What is needed is the exact text of each line in the listing below from the one with "최대 분산량을 유지하는 축을" up to and including the one with "High end peony", and no pictures.

======== Supplied records

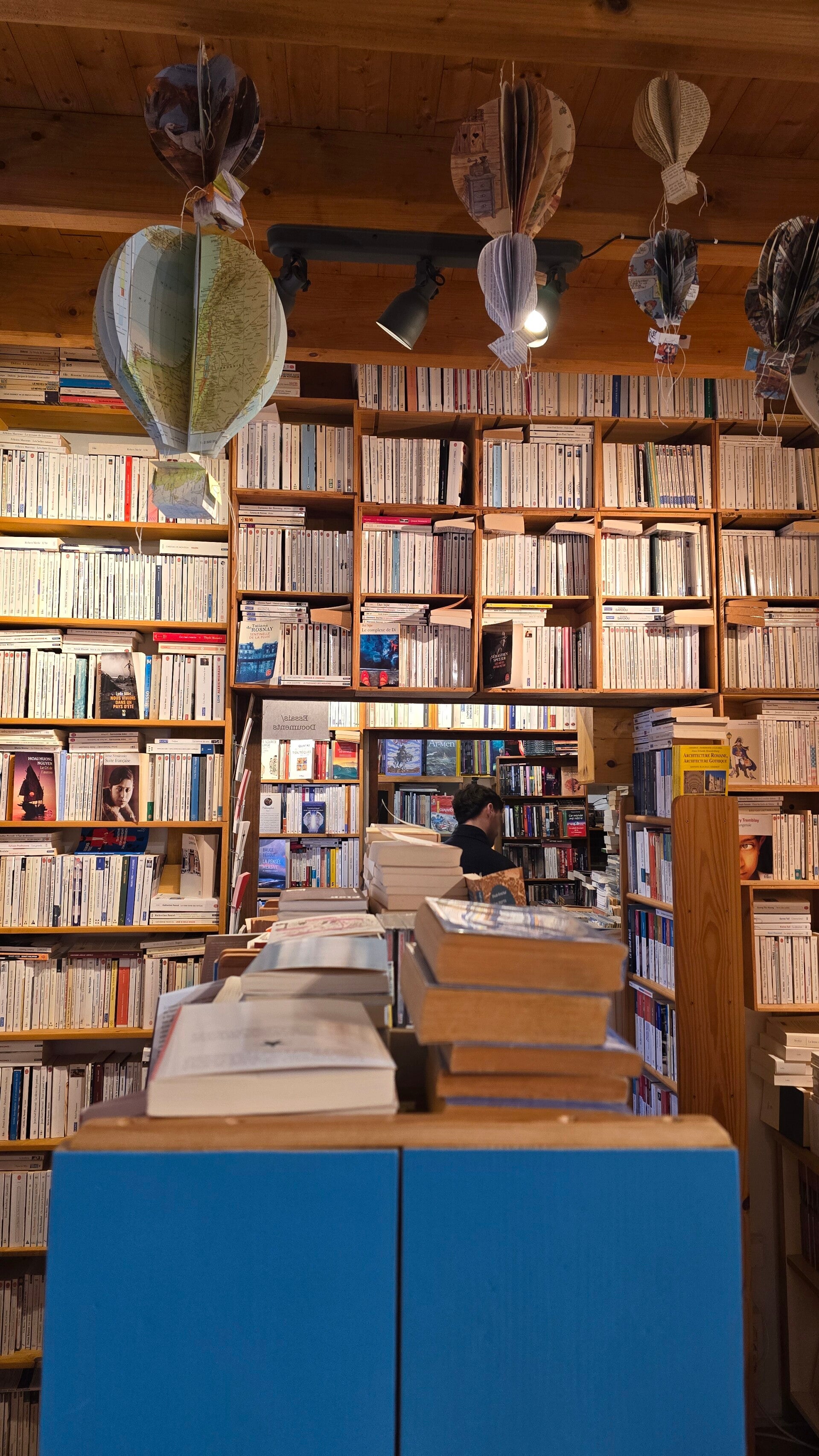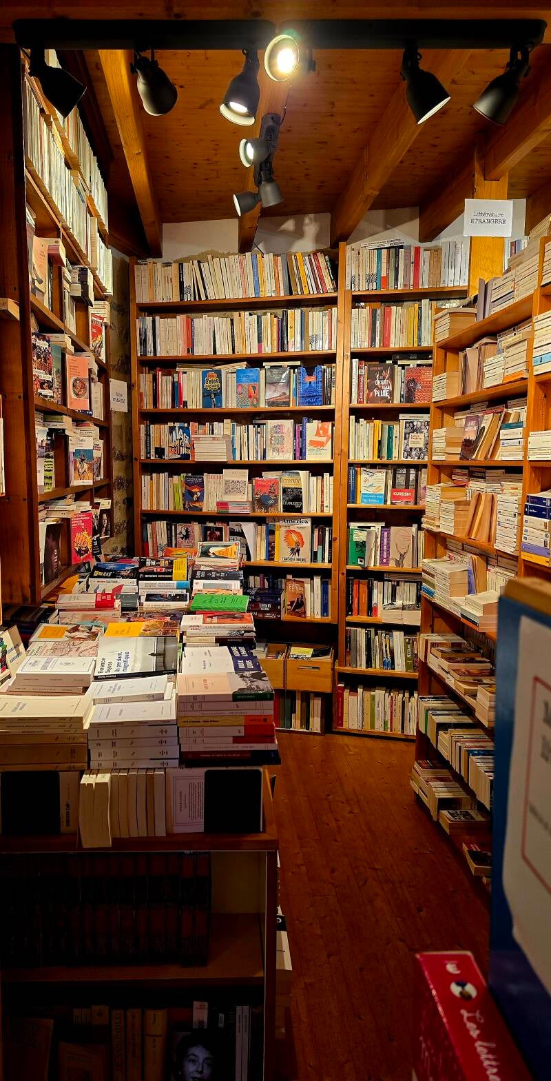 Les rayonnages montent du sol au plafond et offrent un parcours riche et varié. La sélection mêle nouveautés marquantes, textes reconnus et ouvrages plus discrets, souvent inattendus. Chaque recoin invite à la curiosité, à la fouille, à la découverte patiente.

================
======== Supplied records

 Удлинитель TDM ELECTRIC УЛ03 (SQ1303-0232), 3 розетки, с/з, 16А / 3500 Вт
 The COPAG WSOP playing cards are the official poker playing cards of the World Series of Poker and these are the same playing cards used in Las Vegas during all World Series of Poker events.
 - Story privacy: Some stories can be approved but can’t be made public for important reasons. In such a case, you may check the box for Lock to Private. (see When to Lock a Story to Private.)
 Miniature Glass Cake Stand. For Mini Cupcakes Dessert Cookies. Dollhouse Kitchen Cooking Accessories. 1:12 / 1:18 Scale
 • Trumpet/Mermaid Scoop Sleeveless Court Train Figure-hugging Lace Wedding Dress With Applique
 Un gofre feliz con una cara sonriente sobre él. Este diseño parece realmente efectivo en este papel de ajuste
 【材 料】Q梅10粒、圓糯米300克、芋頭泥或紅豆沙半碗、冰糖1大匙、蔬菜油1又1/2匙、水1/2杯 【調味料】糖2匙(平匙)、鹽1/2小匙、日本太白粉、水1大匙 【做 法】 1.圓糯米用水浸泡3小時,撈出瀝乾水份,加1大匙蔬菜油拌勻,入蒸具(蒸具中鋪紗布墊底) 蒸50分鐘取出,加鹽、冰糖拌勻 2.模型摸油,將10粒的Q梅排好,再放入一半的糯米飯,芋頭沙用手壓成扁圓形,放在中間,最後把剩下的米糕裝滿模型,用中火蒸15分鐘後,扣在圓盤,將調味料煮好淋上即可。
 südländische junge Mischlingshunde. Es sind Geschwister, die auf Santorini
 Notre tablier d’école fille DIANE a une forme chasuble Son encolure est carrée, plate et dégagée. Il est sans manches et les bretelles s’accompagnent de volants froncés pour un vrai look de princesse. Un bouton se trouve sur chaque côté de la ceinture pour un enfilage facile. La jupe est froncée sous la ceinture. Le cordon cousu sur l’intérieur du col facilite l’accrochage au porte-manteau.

================
======== Supplied records

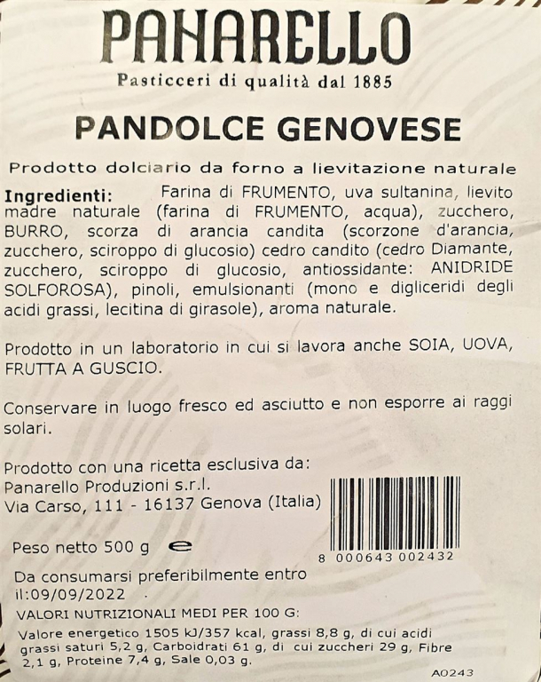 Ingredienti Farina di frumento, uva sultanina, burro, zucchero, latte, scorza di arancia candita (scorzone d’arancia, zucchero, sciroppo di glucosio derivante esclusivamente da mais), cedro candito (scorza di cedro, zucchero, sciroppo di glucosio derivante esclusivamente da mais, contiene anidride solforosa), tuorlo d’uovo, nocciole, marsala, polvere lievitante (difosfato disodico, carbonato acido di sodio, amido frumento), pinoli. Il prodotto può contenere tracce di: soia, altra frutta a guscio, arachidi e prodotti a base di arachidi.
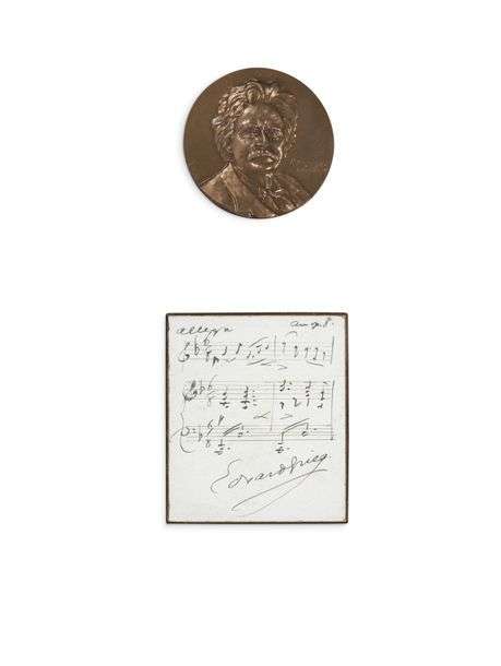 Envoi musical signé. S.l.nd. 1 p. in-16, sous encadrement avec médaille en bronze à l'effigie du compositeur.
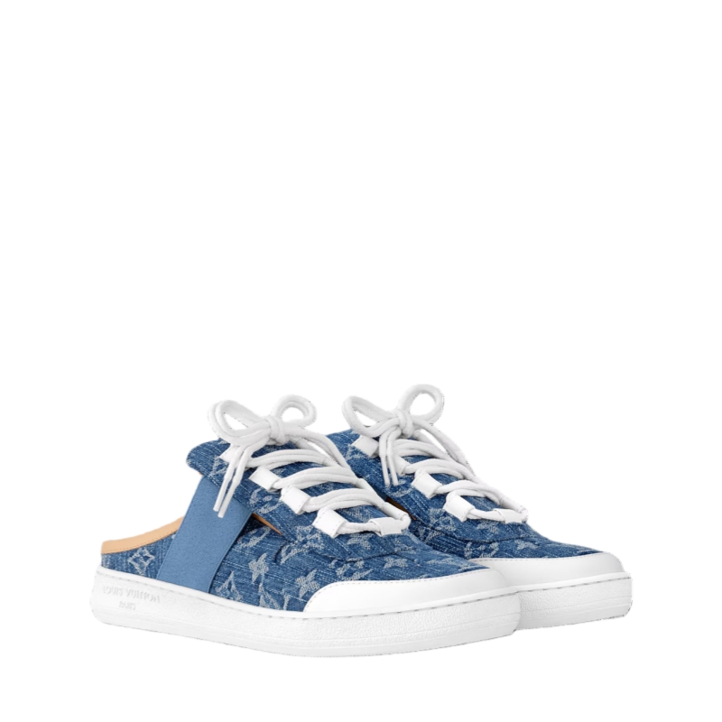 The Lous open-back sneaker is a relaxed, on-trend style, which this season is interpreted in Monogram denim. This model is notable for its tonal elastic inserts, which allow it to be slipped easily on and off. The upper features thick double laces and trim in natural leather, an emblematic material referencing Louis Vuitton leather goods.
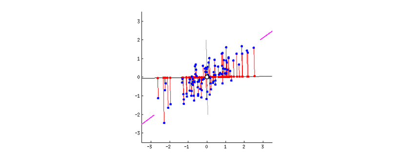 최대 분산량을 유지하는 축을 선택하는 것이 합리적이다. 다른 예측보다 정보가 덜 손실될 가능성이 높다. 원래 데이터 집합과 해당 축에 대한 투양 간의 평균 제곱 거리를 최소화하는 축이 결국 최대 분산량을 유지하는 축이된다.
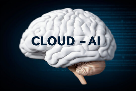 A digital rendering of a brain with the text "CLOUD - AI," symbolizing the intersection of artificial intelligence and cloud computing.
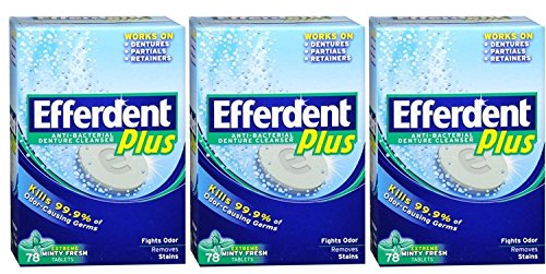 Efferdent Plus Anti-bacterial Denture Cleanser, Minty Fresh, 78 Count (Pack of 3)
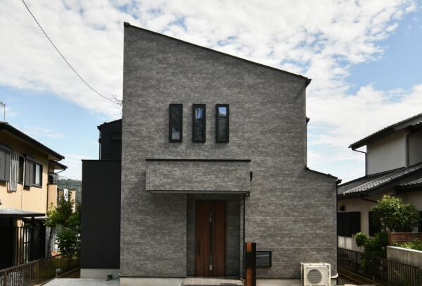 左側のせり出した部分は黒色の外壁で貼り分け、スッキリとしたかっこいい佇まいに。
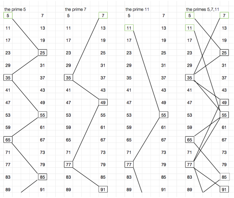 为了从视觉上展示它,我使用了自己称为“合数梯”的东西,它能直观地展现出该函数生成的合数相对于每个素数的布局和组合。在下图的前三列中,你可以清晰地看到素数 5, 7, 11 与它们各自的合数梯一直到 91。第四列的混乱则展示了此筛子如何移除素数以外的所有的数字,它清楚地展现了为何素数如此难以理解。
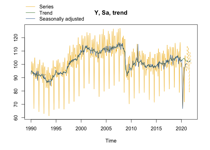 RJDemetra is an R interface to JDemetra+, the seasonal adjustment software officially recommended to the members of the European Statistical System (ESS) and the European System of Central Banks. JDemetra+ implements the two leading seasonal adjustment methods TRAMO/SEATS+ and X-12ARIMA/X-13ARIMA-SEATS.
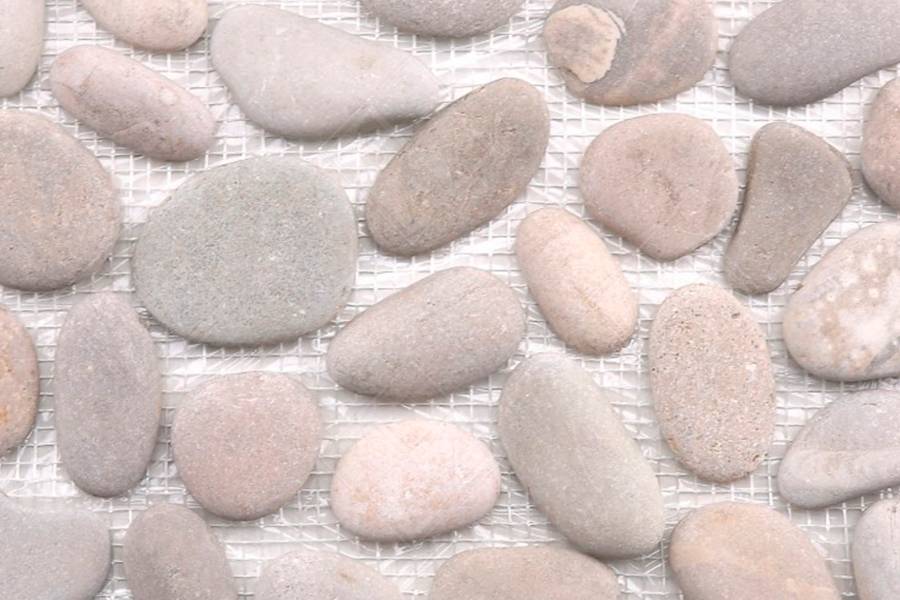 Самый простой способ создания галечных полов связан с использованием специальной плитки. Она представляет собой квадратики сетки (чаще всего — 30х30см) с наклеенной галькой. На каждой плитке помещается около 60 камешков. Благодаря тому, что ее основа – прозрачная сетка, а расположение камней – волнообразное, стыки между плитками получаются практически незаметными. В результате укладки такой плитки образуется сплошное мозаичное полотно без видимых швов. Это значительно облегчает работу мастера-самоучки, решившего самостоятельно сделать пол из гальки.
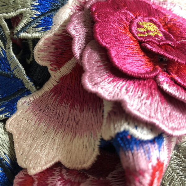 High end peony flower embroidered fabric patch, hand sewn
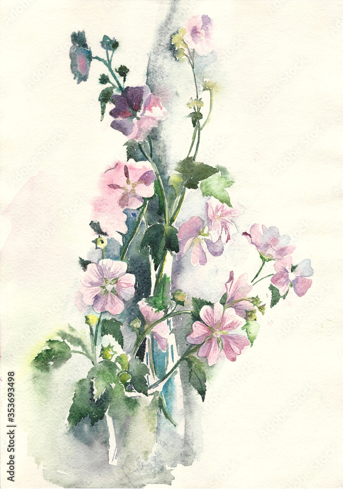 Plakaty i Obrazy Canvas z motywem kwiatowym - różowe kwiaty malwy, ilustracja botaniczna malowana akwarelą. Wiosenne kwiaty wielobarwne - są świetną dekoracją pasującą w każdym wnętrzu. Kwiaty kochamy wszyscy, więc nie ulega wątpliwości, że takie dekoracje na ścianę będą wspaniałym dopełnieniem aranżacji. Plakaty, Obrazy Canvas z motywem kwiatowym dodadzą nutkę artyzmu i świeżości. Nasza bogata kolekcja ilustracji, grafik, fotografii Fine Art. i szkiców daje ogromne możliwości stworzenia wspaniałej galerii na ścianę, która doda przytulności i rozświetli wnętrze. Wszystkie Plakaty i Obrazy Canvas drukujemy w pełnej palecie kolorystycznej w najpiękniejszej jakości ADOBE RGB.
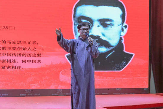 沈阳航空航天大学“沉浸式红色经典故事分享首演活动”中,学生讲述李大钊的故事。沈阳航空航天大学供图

================

■ **Reply**
 최대 분산량을 유지하는 축을 선택하는 것이 합리적이다. 다른 예측보다 정보가 덜 손실될 가능성이 높다. 원래 데이터 집합과 해당 축에 대한 투양 간의 평균 제곱 거리를 최소화하는 축이 결국 최대 분산량을 유지하는 축이된다.
 A digital rendering of a brain with the text "CLOUD - AI," symbolizing the intersection of artificial intelligence and cloud computing.
 Efferdent Plus Anti-bacterial Denture Cleanser, Minty Fresh, 78 Count (Pack of 3)
 左側のせり出した部分は黒色の外壁で貼り分け、スッキリとしたかっこいい佇まいに。
 为了从视觉上展示它,我使用了自己称为“合数梯”的东西,它能直观地展现出该函数生成的合数相对于每个素数的布局和组合。在下图的前三列中,你可以清晰地看到素数 5, 7, 11 与它们各自的合数梯一直到 91。第四列的混乱则展示了此筛子如何移除素数以外的所有的数字,它清楚地展现了为何素数如此难以理解。
 RJDemetra is an R interface to JDemetra+, the seasonal adjustment software officially recommended to the members of the European Statistical System (ESS) and the European System of Central Banks. JDemetra+ implements the two leading seasonal adjustment methods TRAMO/SEATS+ and X-12ARIMA/X-13ARIMA-SEATS.
 Самый простой способ создания галечных полов связан с использованием специальной плитки. Она представляет собой квадратики сетки (чаще всего — 30х30см) с наклеенной галькой. На каждой плитке помещается около 60 камешков. Благодаря тому, что ее основа – прозрачная сетка, а расположение камней – волнообразное, стыки между плитками получаются практически незаметными. В результате укладки такой плитки образуется сплошное мозаичное полотно без видимых швов. Это значительно облегчает работу мастера-самоучки, решившего самостоятельно сделать пол из гальки.
 High end peony flower embroidered fabric patch, hand sewn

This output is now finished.